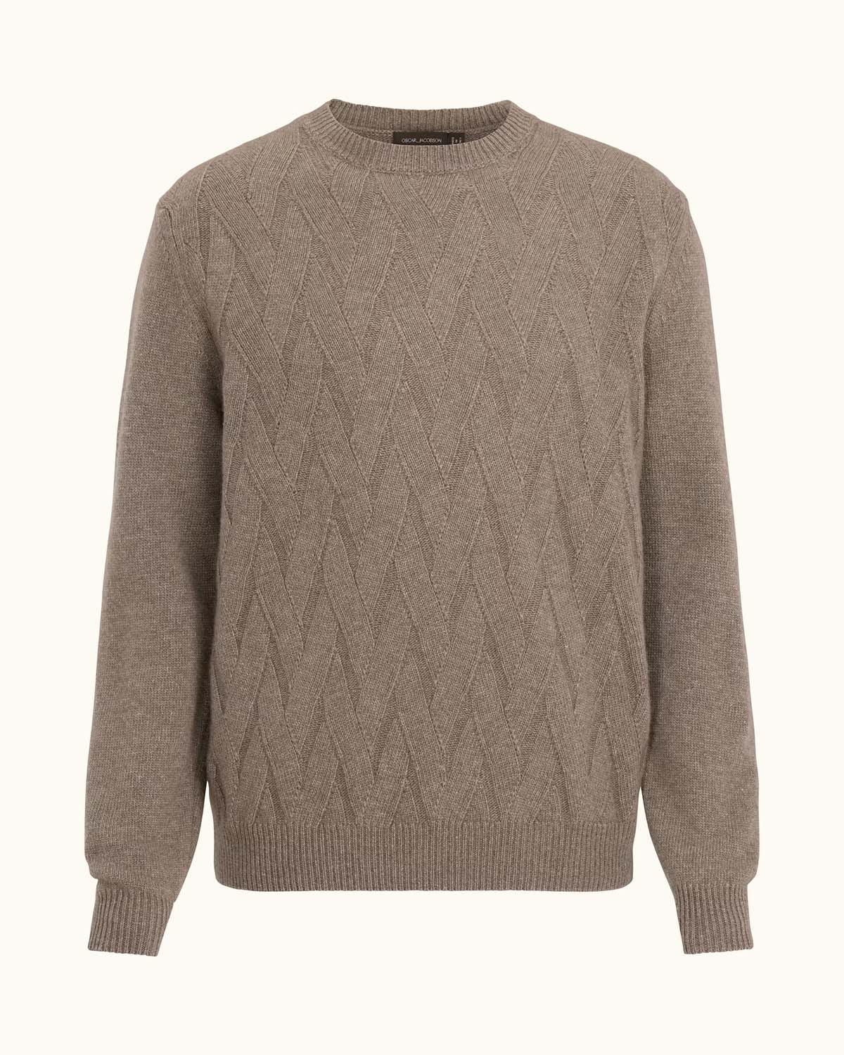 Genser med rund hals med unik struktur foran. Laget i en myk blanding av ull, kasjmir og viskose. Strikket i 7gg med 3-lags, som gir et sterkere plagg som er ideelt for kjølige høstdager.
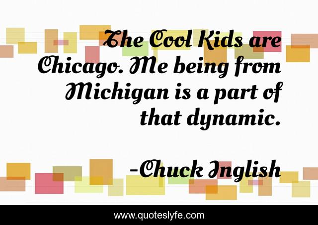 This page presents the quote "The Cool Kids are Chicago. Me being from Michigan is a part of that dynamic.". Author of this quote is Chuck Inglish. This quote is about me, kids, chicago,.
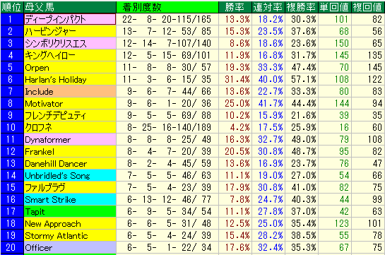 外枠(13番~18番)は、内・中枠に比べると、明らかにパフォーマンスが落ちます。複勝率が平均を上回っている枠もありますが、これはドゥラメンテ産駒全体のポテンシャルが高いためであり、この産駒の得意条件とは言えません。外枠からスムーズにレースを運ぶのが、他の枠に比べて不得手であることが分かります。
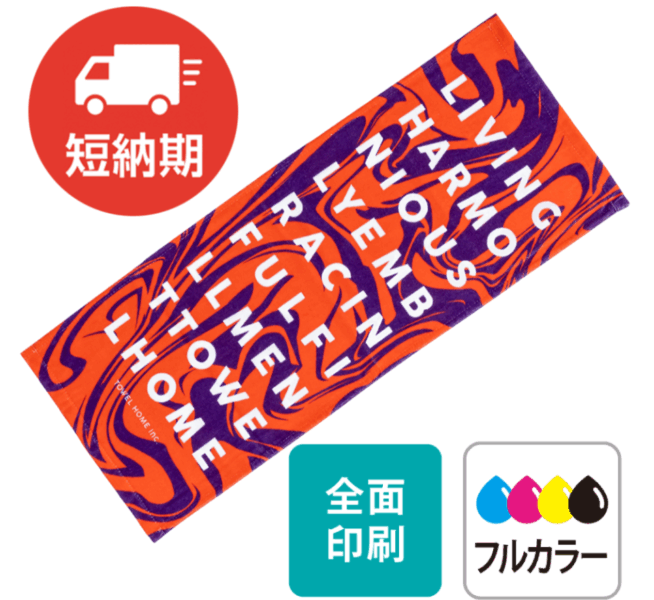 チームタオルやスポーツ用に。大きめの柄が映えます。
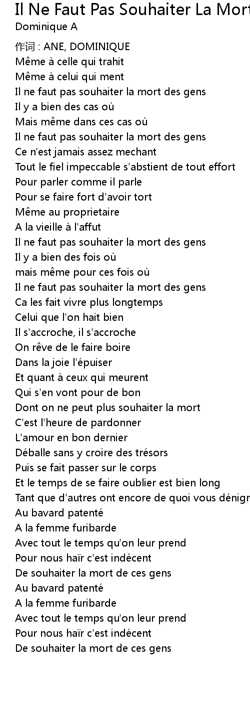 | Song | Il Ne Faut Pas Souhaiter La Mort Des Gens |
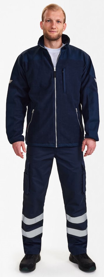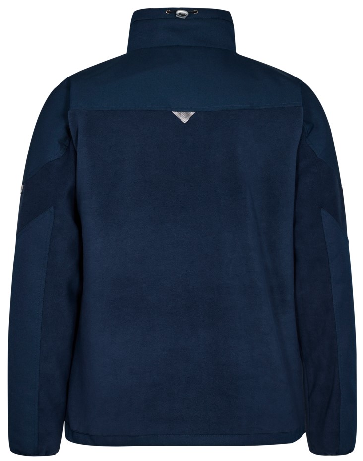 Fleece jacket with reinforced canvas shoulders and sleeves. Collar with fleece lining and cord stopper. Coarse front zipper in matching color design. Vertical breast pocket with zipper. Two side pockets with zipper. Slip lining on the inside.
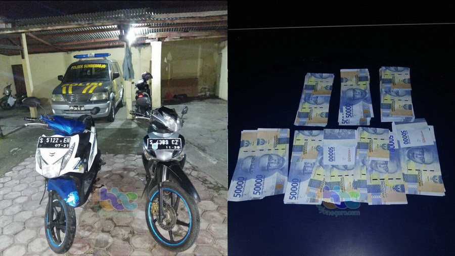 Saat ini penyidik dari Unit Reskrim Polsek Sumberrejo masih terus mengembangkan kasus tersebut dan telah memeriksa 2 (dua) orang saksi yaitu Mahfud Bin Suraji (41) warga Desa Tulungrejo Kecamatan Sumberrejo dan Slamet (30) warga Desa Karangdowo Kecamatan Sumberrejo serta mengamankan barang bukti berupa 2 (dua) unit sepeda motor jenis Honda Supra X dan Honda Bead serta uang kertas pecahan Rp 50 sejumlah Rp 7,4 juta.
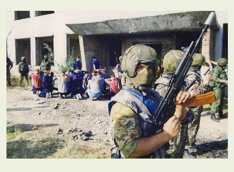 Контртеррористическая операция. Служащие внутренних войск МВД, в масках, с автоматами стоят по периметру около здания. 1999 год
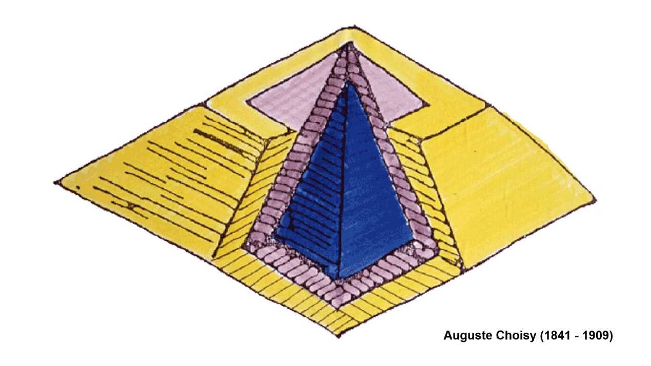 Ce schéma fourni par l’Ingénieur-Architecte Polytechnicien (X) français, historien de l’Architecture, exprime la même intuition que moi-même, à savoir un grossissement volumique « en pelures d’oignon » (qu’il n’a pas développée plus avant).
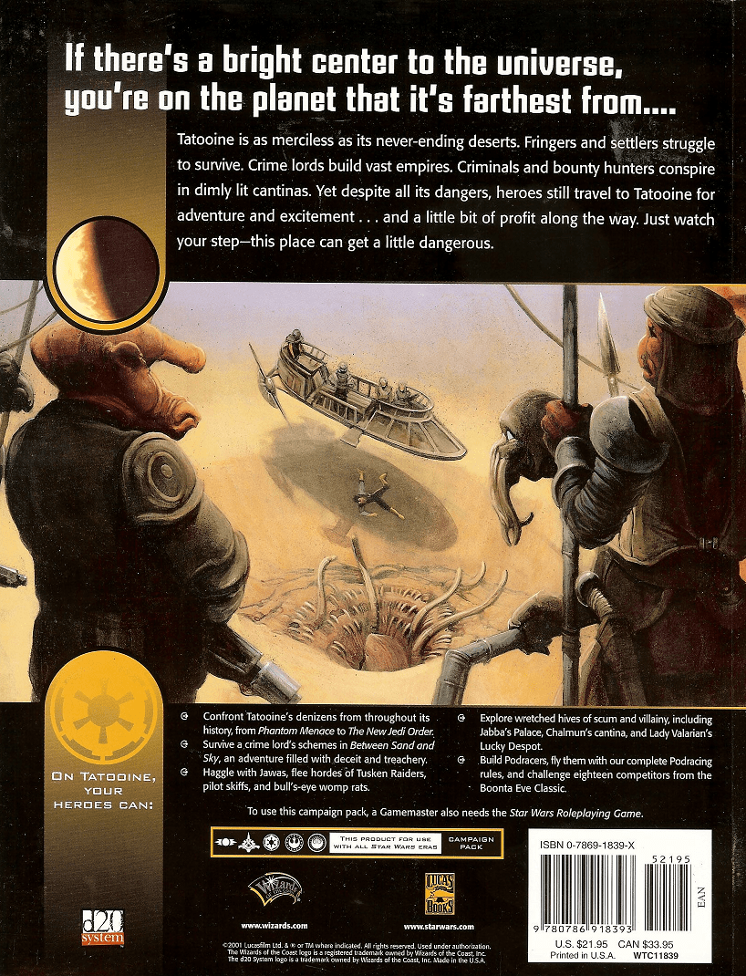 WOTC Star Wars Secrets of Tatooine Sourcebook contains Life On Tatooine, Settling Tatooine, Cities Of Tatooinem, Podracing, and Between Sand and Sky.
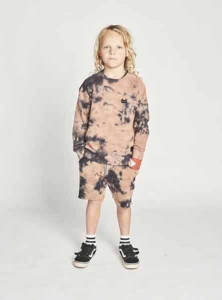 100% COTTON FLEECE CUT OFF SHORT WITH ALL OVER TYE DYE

---

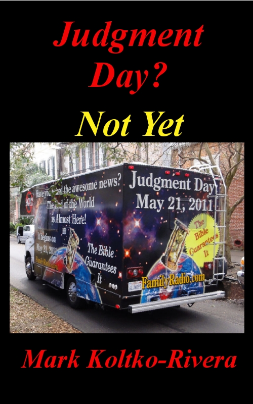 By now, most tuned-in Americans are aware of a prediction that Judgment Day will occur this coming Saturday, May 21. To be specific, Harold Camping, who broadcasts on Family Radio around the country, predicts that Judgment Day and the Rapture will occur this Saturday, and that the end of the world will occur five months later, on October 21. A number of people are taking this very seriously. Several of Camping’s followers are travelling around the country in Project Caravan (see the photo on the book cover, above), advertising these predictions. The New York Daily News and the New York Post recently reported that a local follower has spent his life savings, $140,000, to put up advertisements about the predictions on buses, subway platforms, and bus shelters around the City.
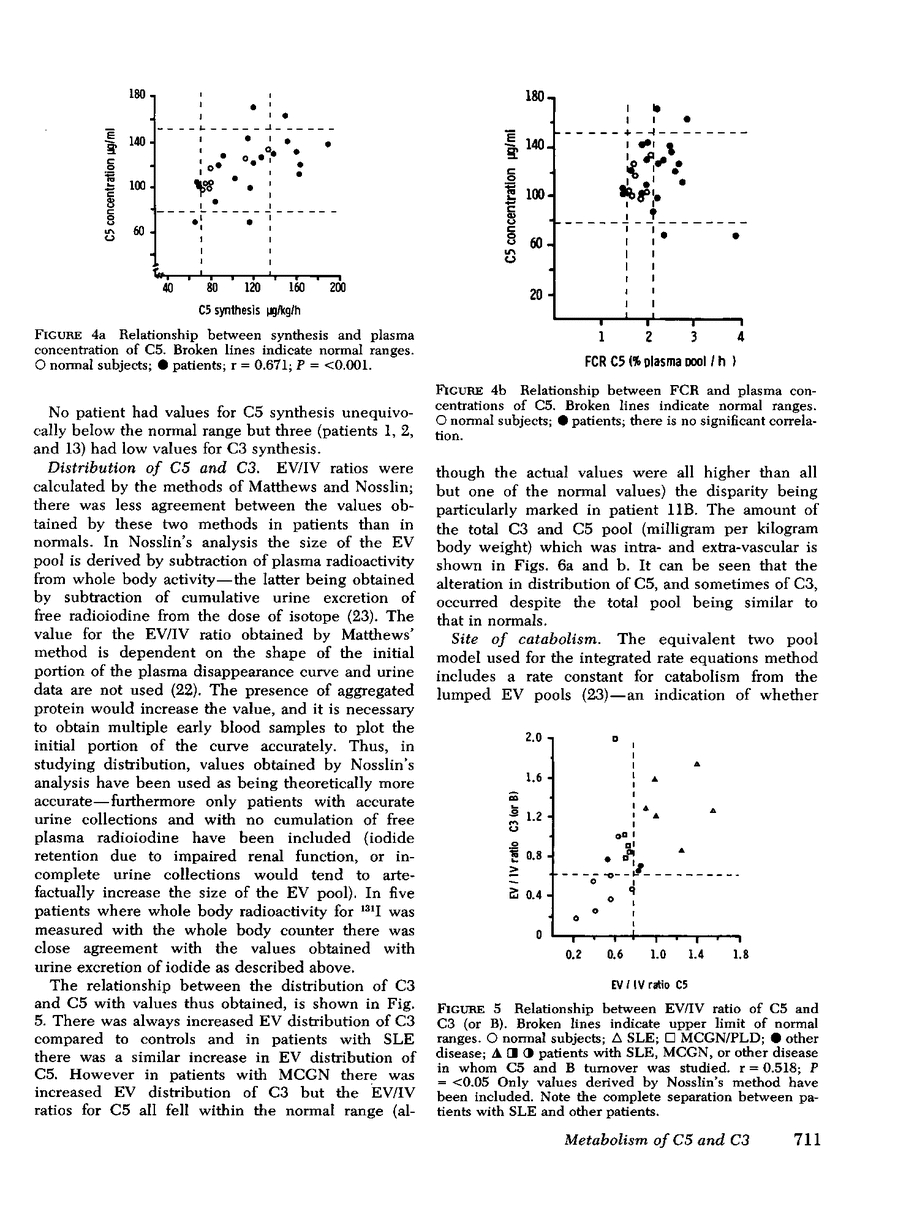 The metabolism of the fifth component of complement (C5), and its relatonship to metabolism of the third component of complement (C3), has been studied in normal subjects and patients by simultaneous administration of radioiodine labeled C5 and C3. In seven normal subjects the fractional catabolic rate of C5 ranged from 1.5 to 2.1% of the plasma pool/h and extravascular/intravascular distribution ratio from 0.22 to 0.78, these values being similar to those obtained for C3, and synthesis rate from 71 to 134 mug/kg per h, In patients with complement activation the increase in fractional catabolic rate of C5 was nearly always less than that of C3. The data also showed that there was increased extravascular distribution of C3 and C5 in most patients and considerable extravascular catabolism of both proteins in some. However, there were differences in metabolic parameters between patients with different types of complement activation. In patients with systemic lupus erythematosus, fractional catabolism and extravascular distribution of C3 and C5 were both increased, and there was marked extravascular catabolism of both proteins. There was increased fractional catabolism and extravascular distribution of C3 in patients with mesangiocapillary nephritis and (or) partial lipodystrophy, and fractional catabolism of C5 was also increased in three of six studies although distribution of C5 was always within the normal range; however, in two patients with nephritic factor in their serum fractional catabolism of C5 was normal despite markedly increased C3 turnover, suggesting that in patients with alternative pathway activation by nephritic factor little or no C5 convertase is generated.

» **What is needed**:
Each line above that falls between the line with "Fleece jacket with" and the line with "Ce schéma fourni" should be printed exactly, together with those two lines, but the pictures should not.

» **Finished exercise**:
 Fleece jacket with reinforced canvas shoulders and sleeves. Collar with fleece lining and cord stopper. Coarse front zipper in matching color design. Vertical breast pocket with zipper. Two side pockets with zipper. Slip lining on the inside.
 Saat ini penyidik dari Unit Reskrim Polsek Sumberrejo masih terus mengembangkan kasus tersebut dan telah memeriksa 2 (dua) orang saksi yaitu Mahfud Bin Suraji (41) warga Desa Tulungrejo Kecamatan Sumberrejo dan Slamet (30) warga Desa Karangdowo Kecamatan Sumberrejo serta mengamankan barang bukti berupa 2 (dua) unit sepeda motor jenis Honda Supra X dan Honda Bead serta uang kertas pecahan Rp 50 sejumlah Rp 7,4 juta.
 Контртеррористическая операция. Служащие внутренних войск МВД, в масках, с автоматами стоят по периметру около здания. 1999 год
 Ce schéma fourni par l’Ingénieur-Architecte Polytechnicien (X) français, historien de l’Architecture, exprime la même intuition que moi-même, à savoir un grossissement volumique « en pelures d’oignon » (qu’il n’a pas développée plus avant).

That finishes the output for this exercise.